(Collected data begins)

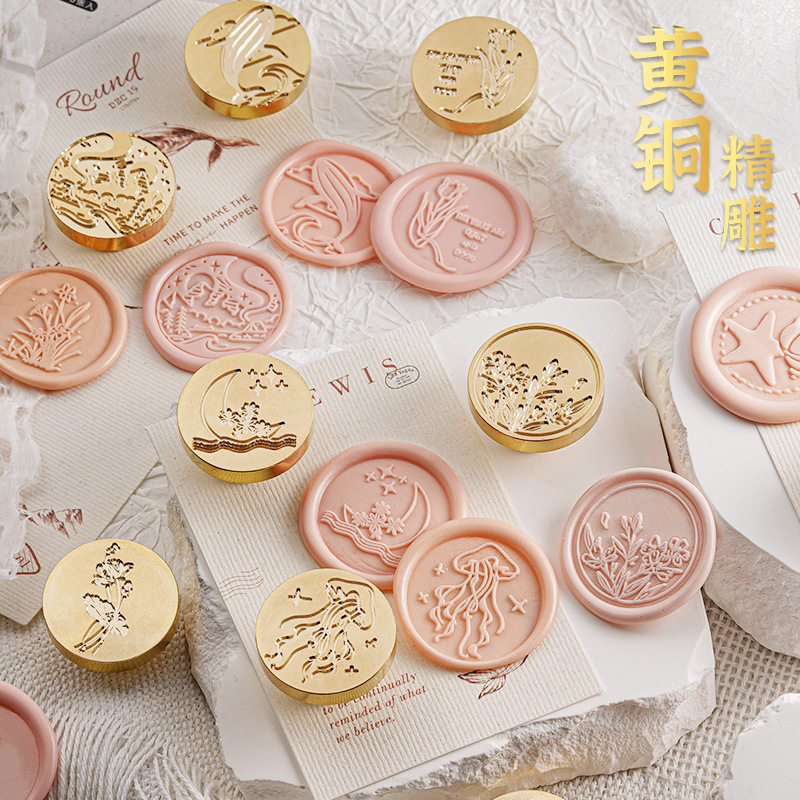 火漆印章方形古风宇宙星球水母黄铜精雕学生DIY装饰
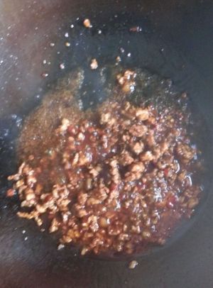 下入肉末同炒,下少许料酒。因为我下的肉比较肥,所以延长爆香时间逼出肥肉的油。
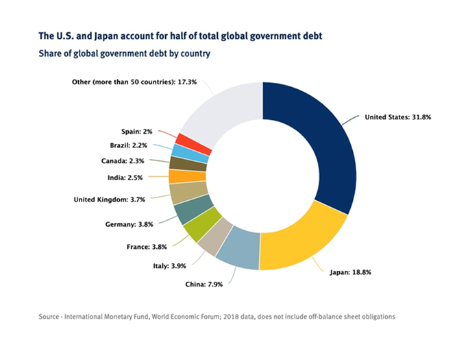 The Canadian bank quoted the IMF in stating that the public debt of advanced economies has climbed nearly 27% since January 2020, and now sits beyond the greater than 120% of GDP reached after World War II. The United States and Japan are the two most indebted economies accounting for half of total global government debt (see the pie chart below).
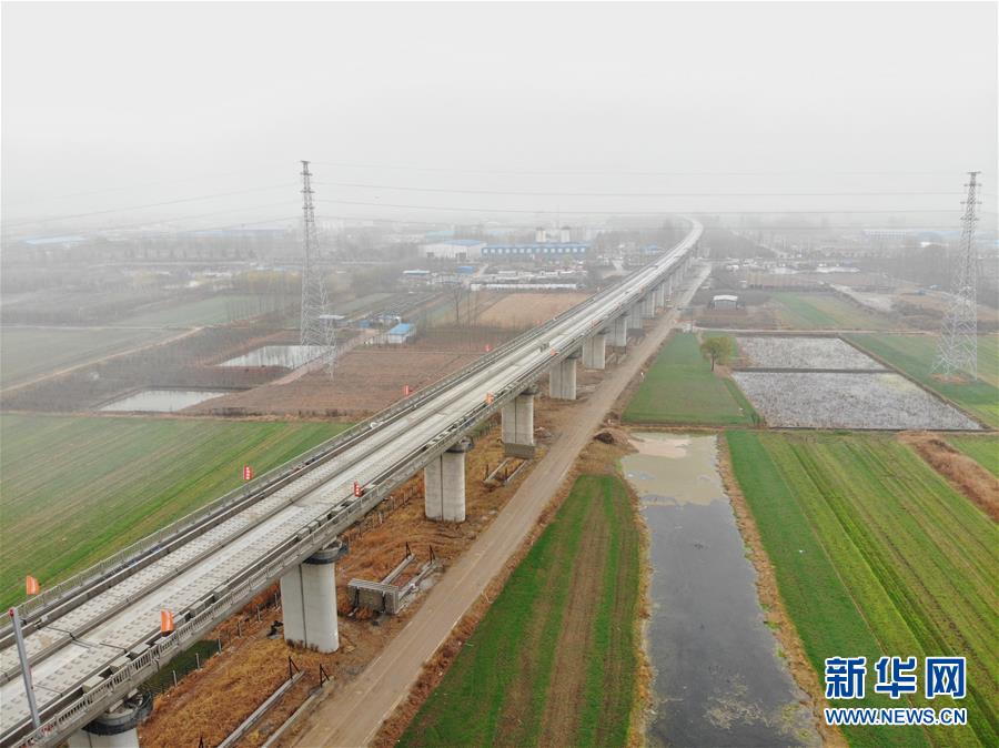 12月2日拍攝的魯南高鐵山東臨沂段(無人機拍攝)。  新華社記者 邢廣利攝

(Collected data ends)

**Task directions:** Starting at the line with "The Canadian bank" and stopping at the final line of the material, reproduce each line exactly, both ends included. Leave the pictures out.

**Task answer:**
 The Canadian bank quoted the IMF in stating that the public debt of advanced economies has climbed nearly 27% since January 2020, and now sits beyond the greater than 120% of GDP reached after World War II. The United States and Japan are the two most indebted economies accounting for half of total global government debt (see the pie chart below).
 12月2日拍攝的魯南高鐵山東臨沂段(無人機拍攝)。  新華社記者 邢廣利攝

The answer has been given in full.